### TASK GOAL:
Working through the data below, reproduce word for word the line with "習字の時間(5年) (5月21日) 公開日" and every line after it, both ends included, and omit the pictures.

### DATA EXTRACT:
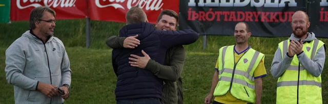 Sparkar boltanum í burtu þegar að Pétur var búinn að flauta.
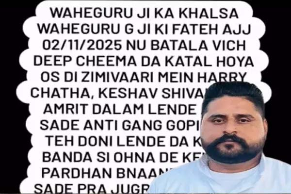 गैंग ने अपनी पोस्ट में खुलेआम धमकी भी दी है। पोस्ट में लिखा है: “वाहे गुरु जी का खालसा, वाहे गुरु जी की फतेह। 2 नवंबर 2025 को बटाला में जो दीप चीमा का कत्ल हुआ है, उसकी जिम्मेदारी मैं हैरी छेतिया, केशव शिवाला और अमृत दालम लेते हैं। …आज इसे इसकी सजा मिल गई है और बाकी प्रधान भी तैयार रहें। सरोपे उन्हें भी पड़ेंगे।”
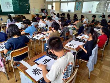 習字の時間(5年) (5月21日) 公開日 2021/05/21 更新日 2021/05/21 お知らせ 5年生は今日、3クラスそろって「習字」の学習に取り組みました。 5年生になってから初めての習字の授業ということで、準備のことから姿勢や気持ちの持ち方まで、担任の先生がていねいに説明をして、子どもたちは半紙に向かいました。 今日書く字は、「春」です。 子どもたちは書く時の姿勢もよく、立派な「春」の字を次々と書き上げていきました。 いいね(0)
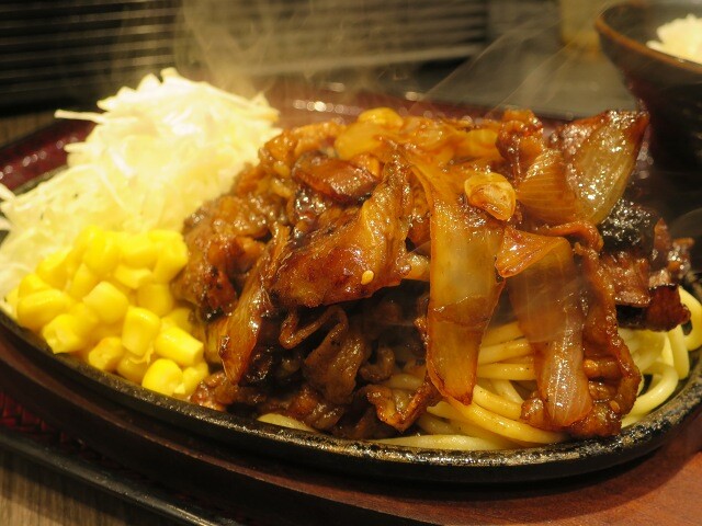 さらに、パスタ付きです。以前はナポリタンでしたが、焼肉との相性も考えて、今は塩胡椒&オイルのパスタ。

### EXERCISE OUTPUT:
 習字の時間(5年) (5月21日) 公開日 2021/05/21 更新日 2021/05/21 お知らせ 5年生は今日、3クラスそろって「習字」の学習に取り組みました。 5年生になってから初めての習字の授業ということで、準備のことから姿勢や気持ちの持ち方まで、担任の先生がていねいに説明をして、子どもたちは半紙に向かいました。 今日書く字は、「春」です。 子どもたちは書く時の姿勢もよく、立派な「春」の字を次々と書き上げていきました。 いいね(0)
 さらに、パスタ付きです。以前はナポリタンでしたが、焼肉との相性も考えて、今は塩胡椒&オイルのパスタ。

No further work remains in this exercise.